[WORK TASK] Return, word for word, every line starting at the line with "Так, каюты гостей" and ending at the final line of the entries; skip the pictures.

*** DATA FOR THIS TASK Section Begins ***

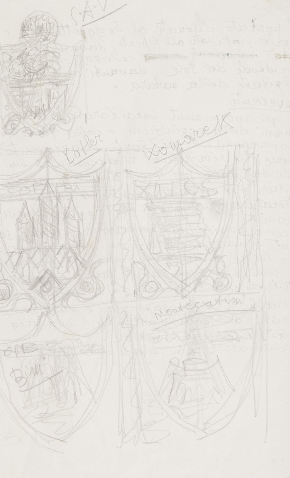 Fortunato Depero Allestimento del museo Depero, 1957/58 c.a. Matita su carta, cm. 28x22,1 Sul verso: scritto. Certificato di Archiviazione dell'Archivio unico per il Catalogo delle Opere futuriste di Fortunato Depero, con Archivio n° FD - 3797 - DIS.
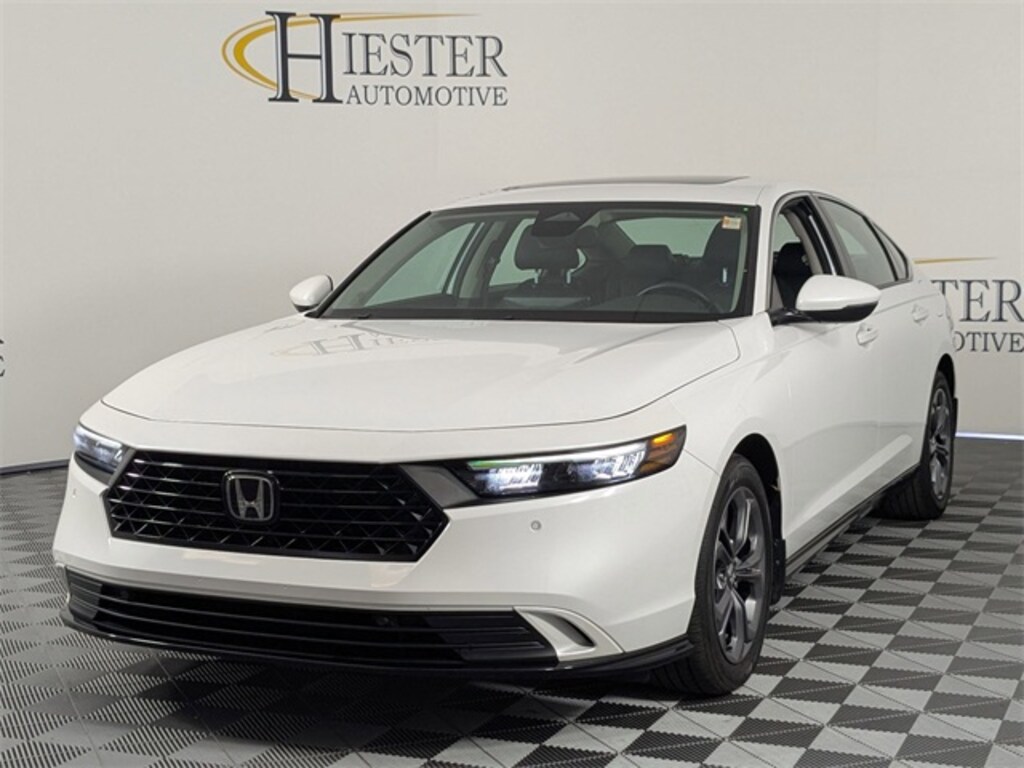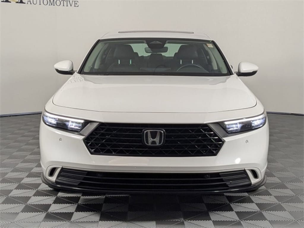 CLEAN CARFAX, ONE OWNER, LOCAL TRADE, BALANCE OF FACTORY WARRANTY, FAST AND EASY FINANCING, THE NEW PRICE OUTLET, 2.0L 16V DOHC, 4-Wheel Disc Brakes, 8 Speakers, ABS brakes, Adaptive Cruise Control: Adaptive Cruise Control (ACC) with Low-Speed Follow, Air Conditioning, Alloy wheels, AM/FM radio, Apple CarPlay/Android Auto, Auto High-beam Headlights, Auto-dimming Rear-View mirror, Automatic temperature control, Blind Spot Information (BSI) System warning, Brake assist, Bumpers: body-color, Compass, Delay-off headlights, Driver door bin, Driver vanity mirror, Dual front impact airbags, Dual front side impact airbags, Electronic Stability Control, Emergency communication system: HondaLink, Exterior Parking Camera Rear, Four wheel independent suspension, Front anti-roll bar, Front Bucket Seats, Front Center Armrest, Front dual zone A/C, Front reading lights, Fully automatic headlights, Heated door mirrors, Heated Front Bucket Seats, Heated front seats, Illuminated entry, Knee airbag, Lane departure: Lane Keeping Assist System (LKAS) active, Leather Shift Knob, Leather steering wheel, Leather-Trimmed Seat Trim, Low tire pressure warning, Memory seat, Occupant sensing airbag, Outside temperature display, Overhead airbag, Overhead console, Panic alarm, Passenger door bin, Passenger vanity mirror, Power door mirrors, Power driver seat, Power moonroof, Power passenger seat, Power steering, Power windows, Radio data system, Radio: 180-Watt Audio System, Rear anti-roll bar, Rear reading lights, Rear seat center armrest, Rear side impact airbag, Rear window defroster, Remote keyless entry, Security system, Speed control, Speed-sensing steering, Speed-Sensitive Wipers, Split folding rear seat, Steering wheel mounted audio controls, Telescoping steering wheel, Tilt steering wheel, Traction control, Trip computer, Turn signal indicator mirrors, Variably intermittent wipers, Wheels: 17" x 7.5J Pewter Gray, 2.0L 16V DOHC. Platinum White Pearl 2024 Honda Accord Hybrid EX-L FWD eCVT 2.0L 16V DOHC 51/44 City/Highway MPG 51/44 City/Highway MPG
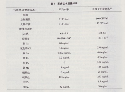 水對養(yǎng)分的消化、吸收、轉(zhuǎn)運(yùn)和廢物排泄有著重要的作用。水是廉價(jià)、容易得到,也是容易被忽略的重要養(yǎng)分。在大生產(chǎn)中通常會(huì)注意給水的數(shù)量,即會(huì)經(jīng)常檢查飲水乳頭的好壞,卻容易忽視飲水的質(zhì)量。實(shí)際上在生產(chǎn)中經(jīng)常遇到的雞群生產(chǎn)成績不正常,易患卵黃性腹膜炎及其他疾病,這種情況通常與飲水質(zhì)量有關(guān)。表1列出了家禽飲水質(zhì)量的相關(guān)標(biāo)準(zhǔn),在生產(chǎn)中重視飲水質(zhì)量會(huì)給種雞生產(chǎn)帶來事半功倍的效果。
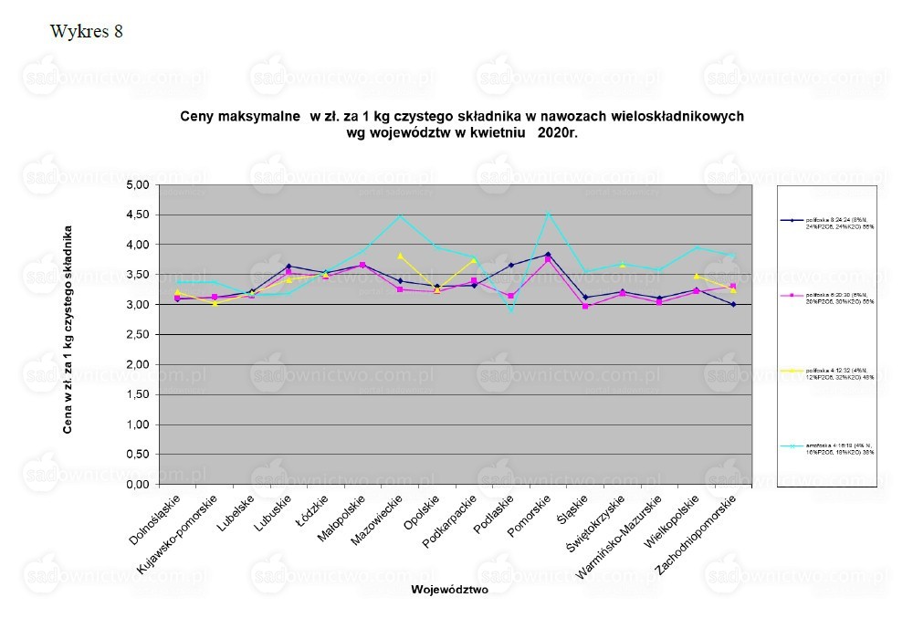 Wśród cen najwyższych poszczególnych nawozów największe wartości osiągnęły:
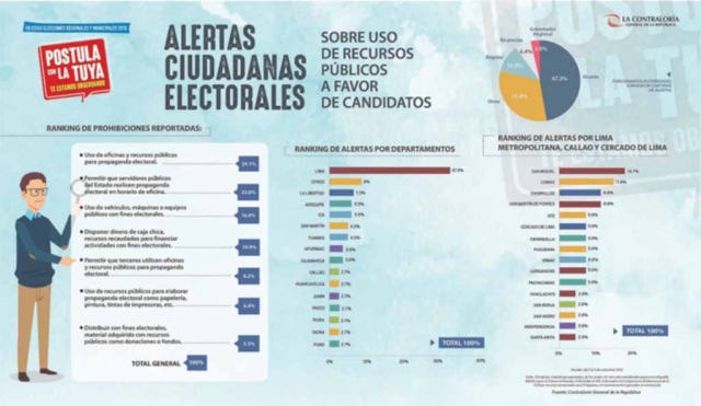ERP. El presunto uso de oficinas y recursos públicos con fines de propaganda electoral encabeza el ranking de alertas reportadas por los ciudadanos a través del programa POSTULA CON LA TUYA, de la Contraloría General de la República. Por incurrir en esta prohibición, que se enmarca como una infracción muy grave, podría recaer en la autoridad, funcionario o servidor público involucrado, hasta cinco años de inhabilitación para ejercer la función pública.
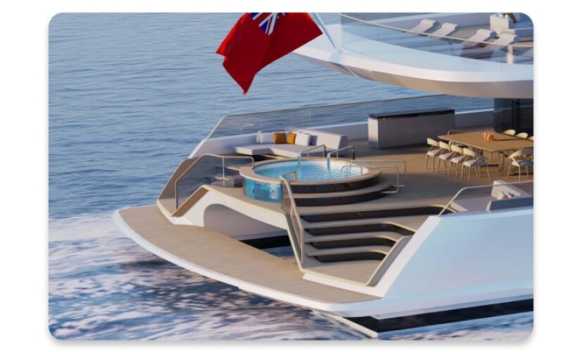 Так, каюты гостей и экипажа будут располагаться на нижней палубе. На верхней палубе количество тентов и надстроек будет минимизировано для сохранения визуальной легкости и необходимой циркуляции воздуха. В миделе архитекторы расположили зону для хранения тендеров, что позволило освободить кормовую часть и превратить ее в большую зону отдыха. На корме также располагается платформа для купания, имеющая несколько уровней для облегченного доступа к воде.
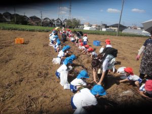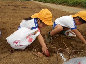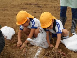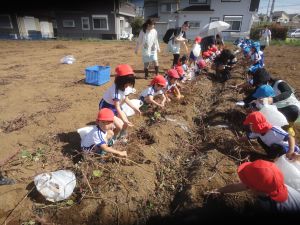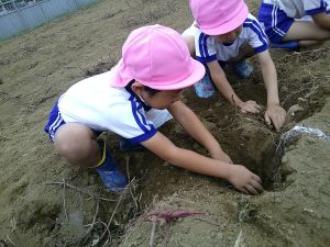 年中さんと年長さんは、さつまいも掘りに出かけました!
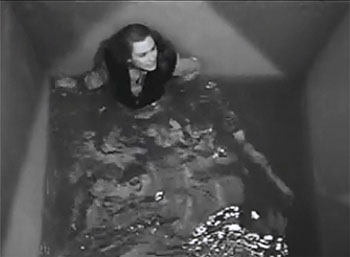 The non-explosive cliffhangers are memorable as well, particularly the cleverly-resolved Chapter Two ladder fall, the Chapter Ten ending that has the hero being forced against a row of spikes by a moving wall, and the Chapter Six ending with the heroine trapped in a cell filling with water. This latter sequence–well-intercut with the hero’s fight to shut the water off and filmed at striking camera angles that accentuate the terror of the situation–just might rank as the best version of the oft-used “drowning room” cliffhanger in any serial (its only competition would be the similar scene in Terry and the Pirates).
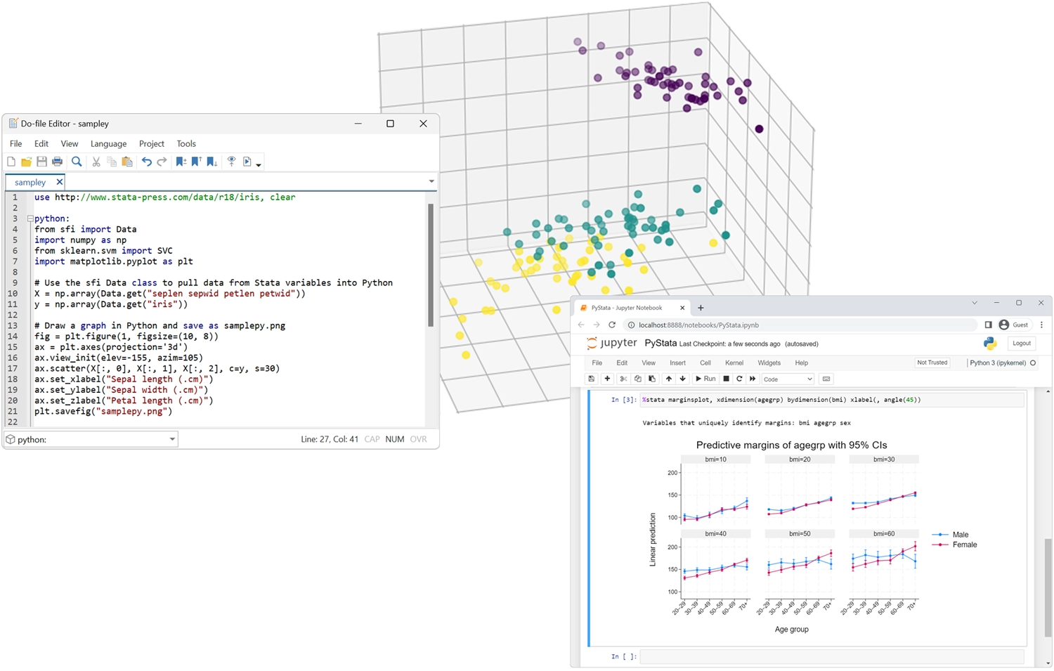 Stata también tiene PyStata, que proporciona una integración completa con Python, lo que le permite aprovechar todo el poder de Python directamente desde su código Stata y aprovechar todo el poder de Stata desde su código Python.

*** DATA FOR THIS TASK Section Ends ***

[RESPONSE TO THIS EXERCISE]
 Так, каюты гостей и экипажа будут располагаться на нижней палубе. На верхней палубе количество тентов и надстроек будет минимизировано для сохранения визуальной легкости и необходимой циркуляции воздуха. В миделе архитекторы расположили зону для хранения тендеров, что позволило освободить кормовую часть и превратить ее в большую зону отдыха. На корме также располагается платформа для купания, имеющая несколько уровней для облегченного доступа к воде.
 年中さんと年長さんは、さつまいも掘りに出かけました!
 The non-explosive cliffhangers are memorable as well, particularly the cleverly-resolved Chapter Two ladder fall, the Chapter Ten ending that has the hero being forced against a row of spikes by a moving wall, and the Chapter Six ending with the heroine trapped in a cell filling with water. This latter sequence–well-intercut with the hero’s fight to shut the water off and filmed at striking camera angles that accentuate the terror of the situation–just might rank as the best version of the oft-used “drowning room” cliffhanger in any serial (its only competition would be the similar scene in Terry and the Pirates).
 Stata también tiene PyStata, que proporciona una integración completa con Python, lo que le permite aprovechar todo el poder de Python directamente desde su código Stata y aprovechar todo el poder de Stata desde su código Python.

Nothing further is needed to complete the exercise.